### EXERCISE DATA
********************

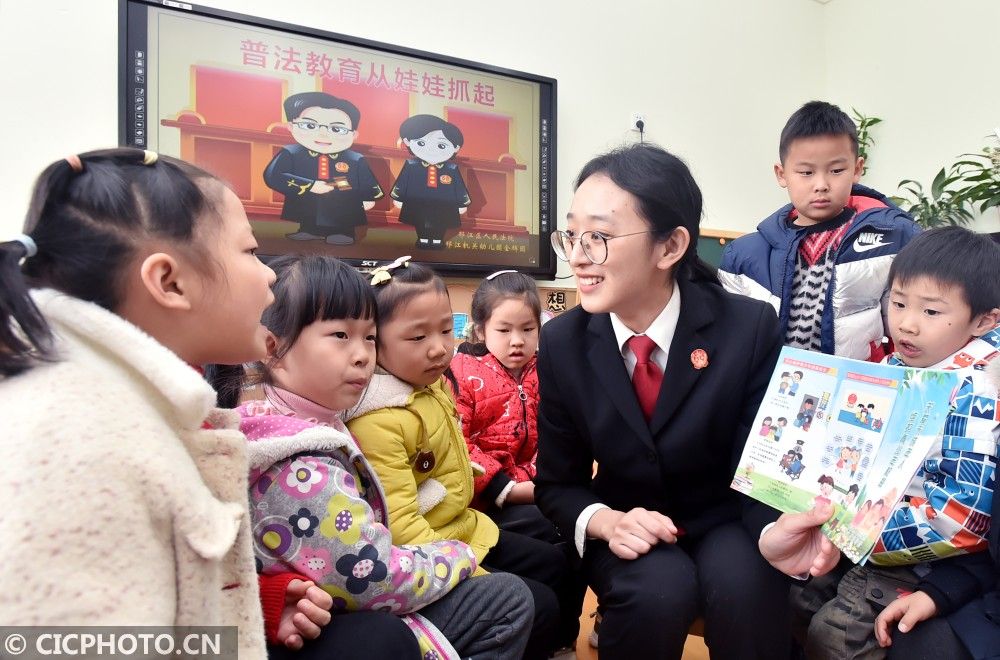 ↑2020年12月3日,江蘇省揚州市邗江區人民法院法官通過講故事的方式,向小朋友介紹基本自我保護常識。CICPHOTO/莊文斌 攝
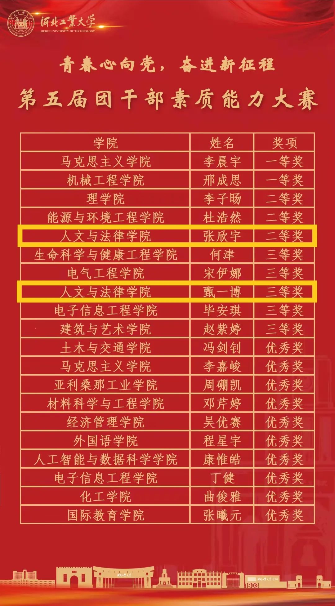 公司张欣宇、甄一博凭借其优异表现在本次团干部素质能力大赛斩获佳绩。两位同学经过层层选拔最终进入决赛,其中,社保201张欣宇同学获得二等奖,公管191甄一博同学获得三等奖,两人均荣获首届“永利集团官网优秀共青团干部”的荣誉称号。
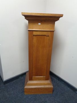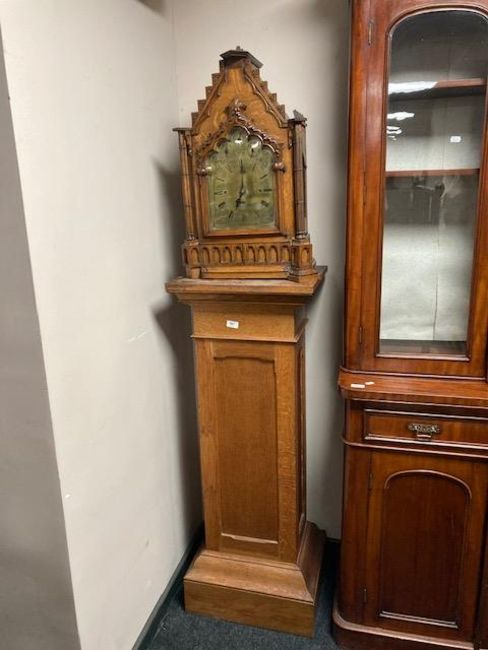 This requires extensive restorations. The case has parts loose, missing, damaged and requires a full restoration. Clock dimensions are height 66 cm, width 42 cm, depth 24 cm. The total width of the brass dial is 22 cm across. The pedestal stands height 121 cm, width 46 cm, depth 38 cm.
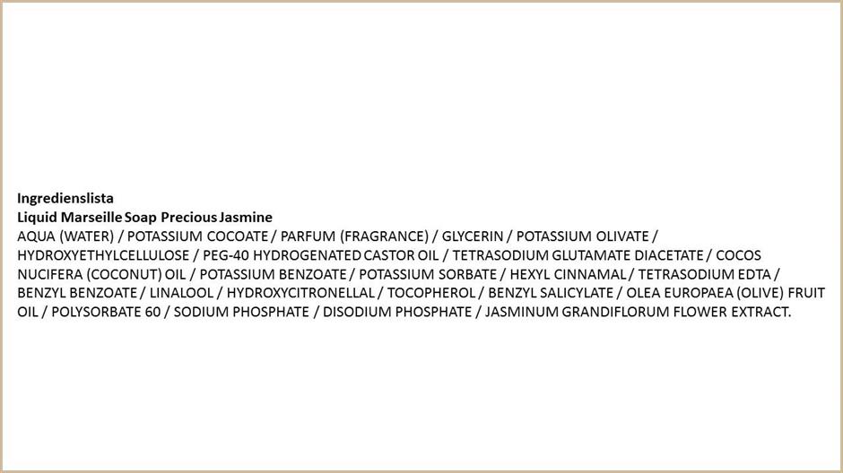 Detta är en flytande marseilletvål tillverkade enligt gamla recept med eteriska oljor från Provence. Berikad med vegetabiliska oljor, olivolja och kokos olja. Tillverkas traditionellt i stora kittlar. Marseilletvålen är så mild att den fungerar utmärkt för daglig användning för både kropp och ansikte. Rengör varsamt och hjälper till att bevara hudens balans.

********************

### EXERCISE GOAL
Your copy should consist only of the lines from the line holding "公司张欣宇、甄一博凭借其优异" through the final line of the listing above, both included, with all pictures omitted.

### FINAL ANSWER
 公司张欣宇、甄一博凭借其优异表现在本次团干部素质能力大赛斩获佳绩。两位同学经过层层选拔最终进入决赛,其中,社保201张欣宇同学获得二等奖,公管191甄一博同学获得三等奖,两人均荣获首届“永利集团官网优秀共青团干部”的荣誉称号。
 This requires extensive restorations. The case has parts loose, missing, damaged and requires a full restoration. Clock dimensions are height 66 cm, width 42 cm, depth 24 cm. The total width of the brass dial is 22 cm across. The pedestal stands height 121 cm, width 46 cm, depth 38 cm.
 Detta är en flytande marseilletvål tillverkade enligt gamla recept med eteriska oljor från Provence. Berikad med vegetabiliska oljor, olivolja och kokos olja. Tillverkas traditionellt i stora kittlar. Marseilletvålen är så mild att den fungerar utmärkt för daglig användning för både kropp och ansikte. Rengör varsamt och hjälper till att bevara hudens balans.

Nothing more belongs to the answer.